Шрифт:
Закладка:
Зная, как много в крови Мелеагра ихора бога кровавой войны Арея, всегда предусмотрительная Мойра Лахесис решила сразу после его рождения позаботиться и о его смерти. Ведь, если полубоги-герои, зачатые от Зевса, оказавшись не у дел, начинали жить, забывая о справедливости, то чего можно ожидать от сына и правнука вечно запятнанного чужой кровью Ареса?!
Не глядя на Алфею своими черными пустыми зрачками, в которых зияли космос и вечность, Лахесис взяла принесенное с собой тонкое сухое кедровое полено и молча положила его в огонь. Подождав, когда полено разгорится, Ткачиха, как всегда, не шевеля своими тонкими бесцветными от старости губами, бесстрастным голосом, как бы нехотя, провещала:
— Срок одинаковый в жизни этому полену и тебе, новорожденный Алфеей, даю.
Мойре, в отличие от бессмертных богов, было чуждо сочувствие, равно как и все другие человеческие чувства и потому в ее бездонных глазах ничего не отразилось. Она видела своим взглядом, пронзающим время, как в Алфее, знающей теперь ее прорицанье о сыне, через много лет будет исступленно бороться мать и сестра и победит, конечно, сестра, ведь братьев и сестер греки любили больше детей. Поэтому одетая в белое величественная старуха с ромбической короной на седой голове исчезла из спальни Алфеи так же внезапно, как и появилась, так и не удостоив недавнюю роженицу ни словом, ни взглядом. Ведь она явилась не для общенья с калидонской царицей, а для объявления ей участи сына, чтобы, зная ее, Алфея способствовала ее исполненью.
Фестиада слышала от слепого прорицателя Терисия, что старая Мойра Лахесис часто посещает смертных, вещая им прорицания и потому, хоть еще и не вполне оправилась после родов, быстро вскочила и выхватила из огня полено, которое уже успело немного обгореть. Окатив обильно полено водой из большого кувшина, она завернула его в тонкую ткань и спрятала как высшую драгоценность в сундучок, который отнесла в потайное место.
Некоторые, подобно Гигину, о вещании Мойры рассказывает иначе: когда с Алфеей, дочерью Фестия, в одну и ту же ночь возлегли Ойней и Арес и у них родился Мелеагр, во дворце внезапно появились все три никогда не дремлющих Мойры Клото, Лахесис и Атропос.
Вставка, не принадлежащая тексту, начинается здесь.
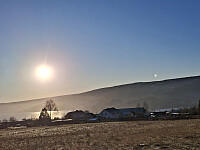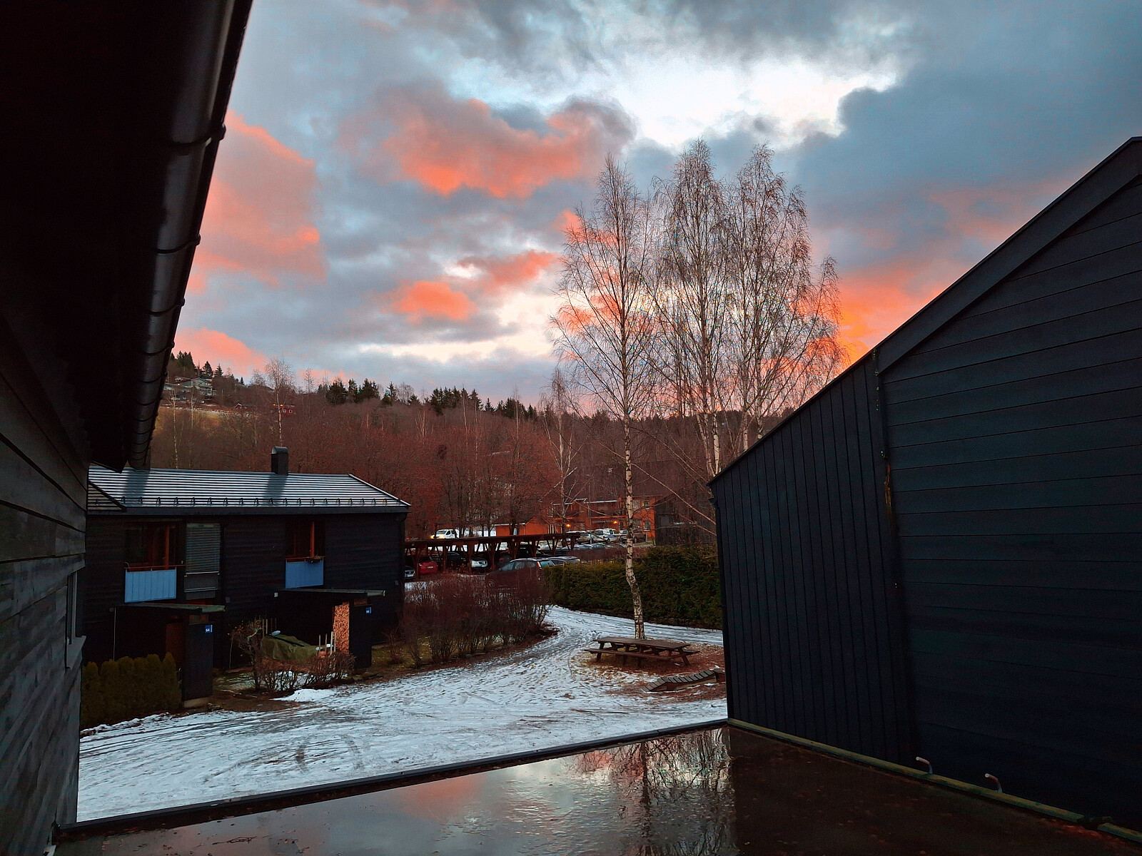 Etter å ha vært sammen med søstrene Aanrud på formiddagen, gikk jeg en liten tur hjemmefra. Vakker soloppgang på morgenen, skyet over til jeg kom meg på tur.

Они по очереди провещали ему его судьбу: цветущая красавица Пряха голосом сладким пропела, что он будет благороден, старая Ткачиха — что он станет доблестным и храбрым, а юная Неизбежная — что он будет жить, пока не сгорит самая большая кедровая головня в горящем очаге, и только тогда она перережет его нить жизни своими адамантовыми ножницами. Когда Алфея услышала это, она вскочила с ложа, выхватила голыми руками из очага головню, потушила водой и зарыла ее, роковую, среди дворцового двора, чтобы она случайно никогда не попала в огонь.
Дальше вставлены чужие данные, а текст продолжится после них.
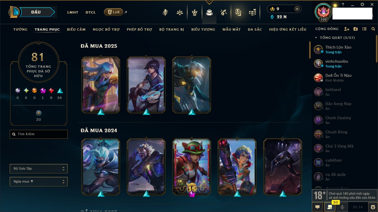Rank Đơn: Vàng IIIKhung: VàngTướng: 171 - Còn 88128 THXTrang Phục: 329Rank ĐTCL: Chưa RankLinh Thú: 41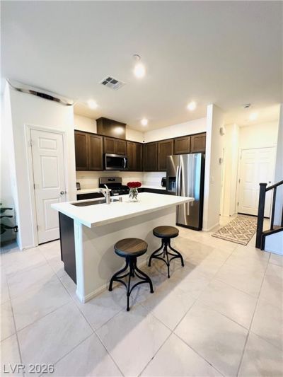Level up your Lifestyle! Strategically situated near anything & everything you could want....Cowabunga Bay water park, Henderson top rated parks, dog park, numerous restaurants, coffee shop, athletic club, healthcare, retail shops, schools. Easy freeway access. This two story townhome features a luxury primary suite complete with balcony, sitting area, large walk-in closet, dual sinks with quartz counters, and storage galore. Open kitchen with smoky brown cabinets, expansive quartz counters, 2 pantries. Home is highly energy efficient boasting very low utility costs all year long! Uniquely situated within the complex to offer ample guest parking. Come experience all that this unique area has to offer!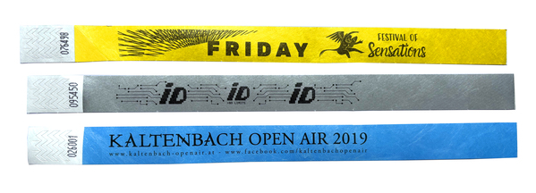 Mit unseren vielseitigen Tyvek Einlassbändern können Sie sicherstellen, dass nur autorisierte Personen Zutritt zu Ihrer Veranstaltung haben. Der kräftige perforierte Klebeverschluß sorgt dafür, dass die Armbänder nicht wiederverwendet oder ohne sichtbare Schäden entfernt werden. Tyvek besteht aus Polyethylenfasern und ist zu 100% recycelbar, was es zu einer relativ umweltfreundlichen Option im Vergleich zu anderen Materialien wie Plastik oder Vinyl macht.

Калидонцы же говорят, что три Мойры явились на пышный пир, устроенный Ойнеем для всех горожан в честь рождения долгожданного наследника Мелеагра.
219. Молодые годы Мелеагра. Плаванье с аргонавтами
Пролетели годы, как бурные воды особенной невидимой глазу реки, непрерывно, безостановочно текущей из прошлого в будущее, и Мелеагр превратился в прекрасного и могучего юношу, которым могли бы гордиться всякие родители. Он вел самую простую жизнь, воздерживаясь от пьянства и прочих пресыщений, включая пищу, женщин и сон.
Некоторые говорили, что был Мелеагр не очень большой, но многих превосходил в быстроте владенья оружием, а копьем превосходил всех в Элладе, гордящейся своими копьеборцами. Выше его головой меж эллинов были и другие, но никто не видал такого красивого мужа, на скипетроносца, питомца Зевеса, гордой осанкой похожего. У него были большие, лучистые и чистые глаза, говорящие о чувствительной душе, умеющей сильно любить. Плотно сжатые губы и почти всегда стиснутые зубы говорили о его настойчивости, целеустремленности и решимости.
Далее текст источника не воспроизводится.